How To Be Response-Able For Your Entire Life Without Blaming Yourself

There goes a seemingly manic overachiever on YouTube, or TikTok, telling you that you're responsible for manifesting every aspect of your life.

Their eyes glazed with dopamine, their gaze like the person at the bus stop or train station that you feel compelled to avoid.

'YOU ARE RESPONSIBLE FOR EVERYTHING THAT HAPPENS TO YOU' they shout.

The thing is, they're at least directionally right, while being just a little to the left of the practical advice bullseye.

Why You're Response-Able For Everything That Happens To You, Even If You're Not To Blame

Instead of saying you should be responsible for every experience you have, I think we should phrase it as "response-able."

Granted, it sounds fucking stupid. But it's a little bit of word-magic, and it works.

While I generally believe the Buddhist concept of kamma is a real thing, it doesn't necessarily mean you wanted misfortune to fall at your feet.

Most of us don't.

In fact, as Guy Armstrong points out in his book, ‘Emptiness’, the Buddha said kamma (karma) is only one source of pain your life, and that other factors, like “illness, diet, climate, accidents, and assault” all play their own roles in bringing us pain, and aren’t necessarily tied to past action.

We didn't ask for traumatic lives, but it's what each block of 365 days handed out to us.

I'm not here to tell you that victims of the worst crimes were to blame for what happened, I'm here to provide you with a reframe that gives power back to you, and any of those aforementioned victims.

To be response-able is to be capable of responding. In our society, to be responsible often means you're *the* cause.
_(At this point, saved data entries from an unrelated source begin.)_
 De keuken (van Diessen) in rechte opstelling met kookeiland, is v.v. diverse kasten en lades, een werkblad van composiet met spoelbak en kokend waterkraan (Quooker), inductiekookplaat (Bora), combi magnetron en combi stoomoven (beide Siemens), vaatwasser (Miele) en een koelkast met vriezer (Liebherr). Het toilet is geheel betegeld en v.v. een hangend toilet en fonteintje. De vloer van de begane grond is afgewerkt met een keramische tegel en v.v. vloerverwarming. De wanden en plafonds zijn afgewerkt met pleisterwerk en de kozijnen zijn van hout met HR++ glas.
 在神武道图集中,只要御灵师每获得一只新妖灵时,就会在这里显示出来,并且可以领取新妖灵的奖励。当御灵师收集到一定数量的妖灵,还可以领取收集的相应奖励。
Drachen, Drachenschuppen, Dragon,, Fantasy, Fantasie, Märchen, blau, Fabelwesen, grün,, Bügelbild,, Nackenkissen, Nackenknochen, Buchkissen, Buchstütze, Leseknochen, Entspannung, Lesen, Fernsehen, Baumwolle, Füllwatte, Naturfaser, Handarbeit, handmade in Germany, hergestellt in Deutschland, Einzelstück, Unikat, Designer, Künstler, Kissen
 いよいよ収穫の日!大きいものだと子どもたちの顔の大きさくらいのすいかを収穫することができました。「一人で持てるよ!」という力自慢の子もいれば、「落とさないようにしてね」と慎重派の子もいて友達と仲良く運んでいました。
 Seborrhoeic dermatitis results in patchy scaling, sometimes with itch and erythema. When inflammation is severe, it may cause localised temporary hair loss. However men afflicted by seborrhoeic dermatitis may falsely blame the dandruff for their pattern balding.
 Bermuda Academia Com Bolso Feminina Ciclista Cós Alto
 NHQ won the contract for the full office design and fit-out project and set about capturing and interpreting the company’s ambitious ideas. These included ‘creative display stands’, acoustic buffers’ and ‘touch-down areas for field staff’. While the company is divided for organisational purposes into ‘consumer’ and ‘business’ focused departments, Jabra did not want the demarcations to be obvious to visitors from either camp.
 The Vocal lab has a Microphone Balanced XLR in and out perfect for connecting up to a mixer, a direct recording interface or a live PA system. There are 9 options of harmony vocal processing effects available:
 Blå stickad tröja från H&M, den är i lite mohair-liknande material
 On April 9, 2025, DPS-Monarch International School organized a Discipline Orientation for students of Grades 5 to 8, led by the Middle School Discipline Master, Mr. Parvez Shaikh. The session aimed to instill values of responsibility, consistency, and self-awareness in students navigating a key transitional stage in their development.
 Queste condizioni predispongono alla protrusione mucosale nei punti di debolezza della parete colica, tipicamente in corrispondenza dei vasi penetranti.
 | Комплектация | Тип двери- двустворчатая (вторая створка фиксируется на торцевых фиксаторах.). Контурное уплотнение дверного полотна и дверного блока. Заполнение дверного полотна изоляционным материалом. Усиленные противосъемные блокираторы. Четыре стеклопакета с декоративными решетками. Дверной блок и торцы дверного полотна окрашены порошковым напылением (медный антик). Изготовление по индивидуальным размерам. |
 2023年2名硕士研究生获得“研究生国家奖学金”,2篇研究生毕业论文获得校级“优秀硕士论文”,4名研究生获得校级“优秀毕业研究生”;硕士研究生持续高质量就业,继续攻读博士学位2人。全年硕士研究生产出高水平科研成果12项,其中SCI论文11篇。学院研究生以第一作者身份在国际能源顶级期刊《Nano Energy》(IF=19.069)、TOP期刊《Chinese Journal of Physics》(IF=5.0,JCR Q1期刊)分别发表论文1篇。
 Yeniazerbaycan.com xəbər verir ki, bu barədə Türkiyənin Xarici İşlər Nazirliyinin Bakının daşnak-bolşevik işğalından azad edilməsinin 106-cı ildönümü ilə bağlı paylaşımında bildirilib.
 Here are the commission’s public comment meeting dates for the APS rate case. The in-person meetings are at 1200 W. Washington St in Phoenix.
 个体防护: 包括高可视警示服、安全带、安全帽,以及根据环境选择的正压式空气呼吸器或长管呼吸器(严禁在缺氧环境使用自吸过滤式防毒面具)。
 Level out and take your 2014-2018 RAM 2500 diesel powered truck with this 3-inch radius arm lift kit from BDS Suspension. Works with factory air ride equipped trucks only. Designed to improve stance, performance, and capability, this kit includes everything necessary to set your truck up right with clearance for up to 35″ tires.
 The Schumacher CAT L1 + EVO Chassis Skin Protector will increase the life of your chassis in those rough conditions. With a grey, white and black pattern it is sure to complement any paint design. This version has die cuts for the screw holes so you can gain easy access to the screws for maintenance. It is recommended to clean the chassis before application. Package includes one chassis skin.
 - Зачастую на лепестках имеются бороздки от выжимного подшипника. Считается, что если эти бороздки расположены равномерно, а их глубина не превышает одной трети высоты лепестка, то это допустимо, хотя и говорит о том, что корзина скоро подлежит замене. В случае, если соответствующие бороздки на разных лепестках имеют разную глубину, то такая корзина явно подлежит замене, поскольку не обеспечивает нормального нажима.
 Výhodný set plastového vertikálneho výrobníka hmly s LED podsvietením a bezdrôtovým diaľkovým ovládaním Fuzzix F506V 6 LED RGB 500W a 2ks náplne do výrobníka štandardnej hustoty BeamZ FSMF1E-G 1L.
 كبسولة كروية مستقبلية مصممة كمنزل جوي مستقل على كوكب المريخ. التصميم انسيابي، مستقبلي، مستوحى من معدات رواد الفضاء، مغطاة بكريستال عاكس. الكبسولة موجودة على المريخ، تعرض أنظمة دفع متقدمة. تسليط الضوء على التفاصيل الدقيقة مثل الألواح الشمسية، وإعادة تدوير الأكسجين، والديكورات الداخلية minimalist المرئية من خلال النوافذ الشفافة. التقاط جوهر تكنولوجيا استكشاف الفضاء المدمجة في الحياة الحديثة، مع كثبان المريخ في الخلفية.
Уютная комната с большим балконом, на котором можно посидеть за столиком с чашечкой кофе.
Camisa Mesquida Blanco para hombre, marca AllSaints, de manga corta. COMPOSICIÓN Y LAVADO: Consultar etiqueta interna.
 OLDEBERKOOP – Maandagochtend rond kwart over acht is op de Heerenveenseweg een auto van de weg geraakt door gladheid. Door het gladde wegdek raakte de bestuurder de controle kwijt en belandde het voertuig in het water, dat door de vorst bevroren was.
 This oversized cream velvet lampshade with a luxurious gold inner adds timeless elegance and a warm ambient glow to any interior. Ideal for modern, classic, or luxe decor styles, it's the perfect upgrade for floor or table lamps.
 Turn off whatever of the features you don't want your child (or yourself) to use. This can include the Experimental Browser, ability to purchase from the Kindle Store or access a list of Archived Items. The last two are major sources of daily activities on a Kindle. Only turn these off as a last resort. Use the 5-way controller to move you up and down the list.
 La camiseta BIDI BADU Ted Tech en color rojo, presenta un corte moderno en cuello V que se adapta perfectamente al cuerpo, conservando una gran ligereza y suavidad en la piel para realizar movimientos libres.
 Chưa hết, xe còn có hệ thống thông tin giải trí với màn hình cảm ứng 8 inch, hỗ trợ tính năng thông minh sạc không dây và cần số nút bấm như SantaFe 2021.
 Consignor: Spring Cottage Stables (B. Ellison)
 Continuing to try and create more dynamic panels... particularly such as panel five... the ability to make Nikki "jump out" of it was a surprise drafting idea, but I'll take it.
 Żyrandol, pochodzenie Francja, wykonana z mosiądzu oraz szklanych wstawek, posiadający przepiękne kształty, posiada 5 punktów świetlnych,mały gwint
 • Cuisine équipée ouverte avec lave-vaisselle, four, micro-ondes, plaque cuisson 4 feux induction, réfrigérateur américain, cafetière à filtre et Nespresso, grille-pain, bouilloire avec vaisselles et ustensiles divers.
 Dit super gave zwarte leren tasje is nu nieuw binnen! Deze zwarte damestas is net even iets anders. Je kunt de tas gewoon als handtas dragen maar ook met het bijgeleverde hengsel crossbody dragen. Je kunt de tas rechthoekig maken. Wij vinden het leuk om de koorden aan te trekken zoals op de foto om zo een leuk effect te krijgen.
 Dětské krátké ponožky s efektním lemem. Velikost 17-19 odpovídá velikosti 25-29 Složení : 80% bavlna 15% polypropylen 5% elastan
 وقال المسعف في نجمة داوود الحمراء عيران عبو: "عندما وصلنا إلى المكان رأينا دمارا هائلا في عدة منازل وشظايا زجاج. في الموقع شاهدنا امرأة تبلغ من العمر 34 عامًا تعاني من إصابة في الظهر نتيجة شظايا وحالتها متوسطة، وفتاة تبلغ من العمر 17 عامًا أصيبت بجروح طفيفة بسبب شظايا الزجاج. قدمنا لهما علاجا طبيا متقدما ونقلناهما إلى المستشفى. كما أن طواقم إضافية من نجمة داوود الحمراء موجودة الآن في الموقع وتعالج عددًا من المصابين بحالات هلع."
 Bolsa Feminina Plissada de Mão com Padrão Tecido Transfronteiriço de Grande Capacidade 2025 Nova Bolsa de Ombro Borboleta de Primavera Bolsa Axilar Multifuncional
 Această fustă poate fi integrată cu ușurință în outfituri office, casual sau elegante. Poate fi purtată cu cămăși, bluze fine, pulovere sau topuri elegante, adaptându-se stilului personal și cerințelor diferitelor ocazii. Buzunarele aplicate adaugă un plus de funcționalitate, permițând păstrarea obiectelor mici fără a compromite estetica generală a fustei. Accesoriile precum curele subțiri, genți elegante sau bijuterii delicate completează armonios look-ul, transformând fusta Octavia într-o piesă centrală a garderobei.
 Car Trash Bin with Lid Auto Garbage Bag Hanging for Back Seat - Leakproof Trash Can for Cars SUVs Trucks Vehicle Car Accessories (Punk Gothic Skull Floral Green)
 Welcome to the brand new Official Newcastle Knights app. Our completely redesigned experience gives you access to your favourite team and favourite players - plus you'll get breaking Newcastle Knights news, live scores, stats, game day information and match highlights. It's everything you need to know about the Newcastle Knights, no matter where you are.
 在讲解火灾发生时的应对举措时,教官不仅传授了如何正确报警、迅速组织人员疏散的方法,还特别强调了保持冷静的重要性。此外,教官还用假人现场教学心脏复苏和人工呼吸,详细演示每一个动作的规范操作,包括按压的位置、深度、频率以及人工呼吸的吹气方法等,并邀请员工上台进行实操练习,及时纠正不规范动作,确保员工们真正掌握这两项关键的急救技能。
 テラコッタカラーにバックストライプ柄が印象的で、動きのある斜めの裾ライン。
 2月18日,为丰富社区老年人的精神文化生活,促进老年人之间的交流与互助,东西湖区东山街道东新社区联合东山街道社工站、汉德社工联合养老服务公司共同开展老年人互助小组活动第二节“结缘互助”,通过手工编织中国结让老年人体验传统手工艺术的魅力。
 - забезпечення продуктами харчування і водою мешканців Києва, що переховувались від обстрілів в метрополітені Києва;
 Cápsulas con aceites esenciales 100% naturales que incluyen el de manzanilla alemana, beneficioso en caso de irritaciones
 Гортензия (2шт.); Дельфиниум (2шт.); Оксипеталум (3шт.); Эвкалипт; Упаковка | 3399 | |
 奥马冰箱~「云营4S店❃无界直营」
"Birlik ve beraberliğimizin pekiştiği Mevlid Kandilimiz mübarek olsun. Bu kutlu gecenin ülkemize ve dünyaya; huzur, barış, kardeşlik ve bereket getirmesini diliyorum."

With the former, you're *a* cause for change in whatever situation you find yourself in.

It doesn't mean you're guaranteed to get what you want, but it does mean you can be empowered in the moment, regardless of outside factors.

Let's talk about how to use this in a practical way.

The Ways You Can Be Response-Able

There's two ways of responding: physical action, and mental action.

One way of figuring out which action would be the best way to handle what you're currently facing is a mental action: Asking yourself 'What Would Need To Be True For Me To Have The Worst Response To This' -- and then do the opposite of each.

There's so many situations in life you can stand to be response-able for, so it's difficult to give specific prescriptions for unique events, but the what would need to be true question above can help you use inversion to reverse-engineer a proper response.

Another mental action is to choose a new way to be. A new way for the world to occur to you. I recommend this post for more on that.

How To Be Response-Able For The Worst Things That Have Happened To You

It's easy to fall into a blame game mindstate.

Regrets are one of the prices of admission in this thing called life, but there are healthier ways of responding.

Looking at the bad events that have happened to you and evaluating where you could have responded differently so you can respond differently in the future, is one of the more positive approaches.

Ex: If you were attacked on the street, an empowering way to be response-able is to enroll in a self-defense class, so you can build skills that you may lack at the moment. This is an example of focusing on what you can actually control.

Ex: You grew up in an alcoholic home and have trauma from the conflicts that you witnessed as a child. You can choose to withdraw, or drown your own sorrows in alcohol, or you can choose more empowering responses: seeking therapy, seeking books about therapy/DBT/CBT, creating a healthier diet for yourself so you're less prone to things like anxiety and depression, etc.

I admit, this is slippery territory where you have to ensure that you don't dip your feet into the self-blame waters. You can choose a more helpful response than that.

You're not responsible for every event that happens to you, but you do have the power to be response-able when it comes to how you experience those events.

Dr. BJ Miller (a man whose story exemplifies this sort of thing) once said "We humans have this ability to change our perspective. Much more than we can change the material world, we can change how we see the material world. Taking on that power was the key."

For many negative things that happen to us, we can't turn back the clock.

We can't un-regret ourselves, we have to sit with those regrets, and pains, and digest the emotions.

But like Dr. Miller mentions, one response we have with situations like that is changing our perspective. Being a sigil, or an alternative possibility that can be healthier for us to invoke instead of guilt.

And when we actually did do something that contributed to a situation directly, we can have the self-compassion and empathy to approach it in a 'I could have responded (in ____ way), and I'll try to keep that in mind for the next time something like this happens', instead of unconsciously running ourselves through past events that are merely malicious ghosts, detached from the present.

Wrapping It Up

Even if we live in a "block universe" where the past, present, and future exist hand-in-hand, we experience life through successive snapshots called the present.

As far as most of us can tell given our human limitations, we didn't choose our natal chart, or our parents, or all of our opponents, but we can (seemingly) choose how to respond to all of those things.